Возвращение в Михайловское



скачать книгу бесплатно

Она была откровенно рада, что этот странный ребенок – не в меру вертлявый и не в меру задумчивый (кажется, недобрый: во всяком случае – вспыльчивый: чистый порох!), чьей красотой вдобавок не похвастаешься (а отсутствие красоты в том веке свидетельствовало почти безошибочно и об отсутствии всех прочих даров) – рано приохотился к чтению (хоть что-то!) и стал пропадать в одиночестве в отцовском кабинете перед широким шкафом с французскими книгами. Конечно, «кабинет» – это тоже – слишком громко про комнату Сергея Львовича. Отец давно не пользовался ею как прибежищем духа – и уединялся в ней, лишь, чтоб раскурить трубку или тиснуть девку – что, право, не считалось зазорным, даже карточные долги он теперь охотней считал за обеденным – не за письменным. Стихов он больше не писал – достаточно того, что когда-то завоевал ими себе жену, зато гордился знакомством с видными литераторами и со вкусом переносил расхожие литературные сплетни. Брат его Базиль был почти знаменит как поэт – и это делало и его – причастным к литературе.

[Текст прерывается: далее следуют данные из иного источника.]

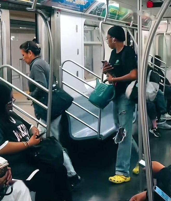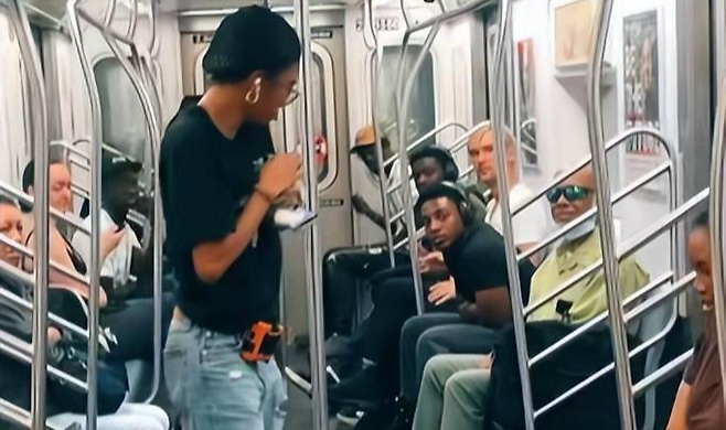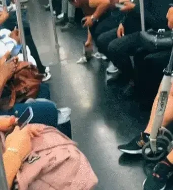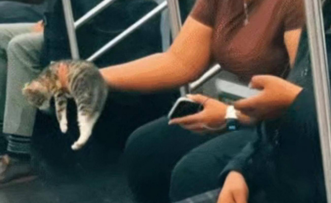 전철 안에서 고양이는 두려움에 떨며 이리저리 움직였고, 한 여성 승객이 그 모습을 발견하고 부드럽게 품에 안았습니다.

Мать, в свой черед, литературу тоже любила – но любовью, какой принято было в веке восемнадцатом – где почитались не чувства – но чувствительность. «Она любила Ричардсона – Не потому. чтобы прочла…» Не так, возможно! – но близко, ей рано нравились романы, что могли заменить несостоявшееся в ее жизни – то, о чем она, как многие, втайне мечтала… и потому это было на уровне «Клариссы Гарлоу» (про которую ее сын скажет после – «мочи нет, какая скучная дура») – если не хуже. Какая-нибудь фраза г-жи де Сталь, вроде: «Я покрывал поцелуями ее руки, которые она продолжала воздевать к небу…» – могла вызвать у нее почти плотский трепет…

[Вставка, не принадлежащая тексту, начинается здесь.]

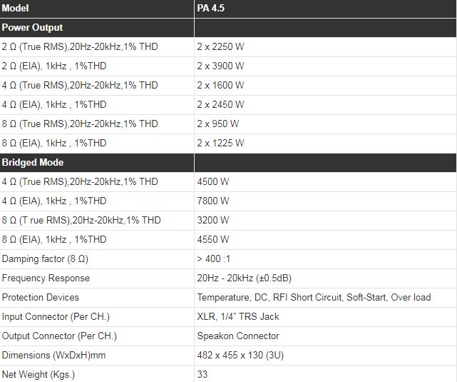 Studiomaster PA 4.5 Dual Channel Amplifier (2250+2250watts)

В общем… у Александра было много причин, в свой час, без тоски покинуть родительский дом и уехать в Лицей, порядком уставшим бродить в одиночестве среди семейных ссор и неопорожненных ночных горшков.

В Лицее ему так же предстояло еще найти себя и отстоять. (Что старательно пытаются опустить в своих штудиях пылкие авгуры лущеной биографии Пушкина А. С….и чего еще ранее старались избегать авторы воспоминаний.) И вовсе не был он сперва в Лицее тем всеобщим любимцем и едва ли не центром лицейского братства, какого мы привыкли видеть потом – да и братство само родилось не сразу, но с запозданием – чуть не пред самым выпуском. Все вспоминают с удовольствием его кличку «Француз» (естественно) и как бы нарочно забывают другую: «Помесь обезьяны с тигром».

В жизни лицейской, на первых порах, ему не раз пришлось защищать своей «тигровостью» маленького арапа, который жил в нем, – «обезьянье» начало, кое господ лицейских по первости раздражало или отпугивало – ничуть не меньше, чем маменьку Надежду Осиповну. (Он нашел однажды случайно на один разговор о своем арапстве – двух соучеников – весьма вознесшихся впоследствии людей, – и этот разговор так и остался в нем: нетронутым, почти отлитым в бронзе – хотя сами участники оно го давно о нем забыли!). И прошло много времени, прежде чем все перестали замечать его несходство, покуда облик его стал видеться естественным – и как-то слился с его талантом.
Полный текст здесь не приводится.